La coalition gouvernementale de M. Nétanyahou repose largement sur l’alliance avec les deux grands partis ultraorthodoxes, Shass et Judaïsme unifié de la Torah, farouchement opposés à la conscription des haredim. Leur défection ferait tomber la coalition.

Défi d’un ministre

En mai 2023, le gouvernement a voté pour les écoles talmudiques (yeshivot) un budget sans précédent de près d’un milliard d’euros (1,47 milliard de dollars canadiens).

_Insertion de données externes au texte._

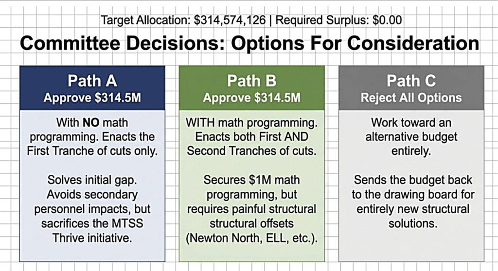 Several School Committee members and the Mayor advocated for Path B, which retains the math program redesign. They noted that weaknesses in Newton’s math program were frequently raised by voters during the campaign season, and that the redesign would be 0.3% of the entire NPS budget.
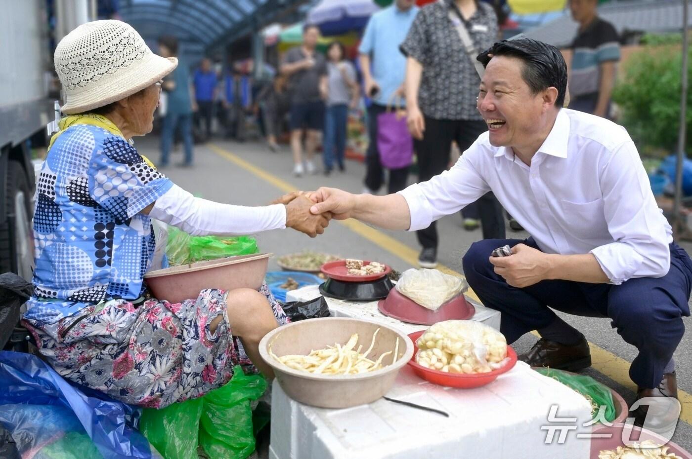 최영일 전북 순창군수가 재래시장에서 채소를 팔고 있는 어르신과 인사를 나누고 있다.(순창군 제공. 재판매 및 DB금지)/뉴스1

Ces derniers avaient soutenu le projet controversé de réforme judiciaire de Benjamin Nétanyahou en échange de son soutien à un projet de loi qui devait être discuté au Parlement avant la guerre sur la poursuite du report de la conscription pour les ultraorthodoxes.

Mais fin février, le ministre de la Défense, Yoav Gallant, avait défié son premier ministre en annonçant une réforme du service militaire visant à inclure les haredim, et exigé que l’ensemble du gouvernement la soutienne.

Le service militaire (32 mois pour les hommes et deux ans pour les femmes) est obligatoire pour les jeunes israéliens mais la quasi-totalité des ultraorthodoxes y échappe, grâce à un accord offrant aux jeunes hommes étudiant à plein temps dans des écoles talmudiques de reporter chaque année leur service militaire. Les jeunes femmes religieuses en sont elles automatiquement exemptées.

Depuis l’invalidation par la Cour suprême israélienne en 2012 de la loi Tal, permettant la tenue de cet accord, les exonérations se sont poursuivies, régies par des accords entre les gouvernements successifs et les partis ultraorthodoxes.

Les ultraorthodoxes représentent environ 14 % de la population juive d’Israël, selon l’Institut israélien pour la démocratie (IDI), soit près de 1,3 million de personnes.

Environ 66 000 hommes ultraorthodoxes en âge de servir bénéficient de ce report, selon un chiffre de l’armée.

En 1948, ce report permettait à une élite de 400 jeunes de préserver le monde des études des textes sacrés en grande partie décimé pendant la Shoah.

La plupart des haredim réclament le maintien de cette exemption pour tous les étudiants, jugeant l’armée incompatible avec leurs valeurs.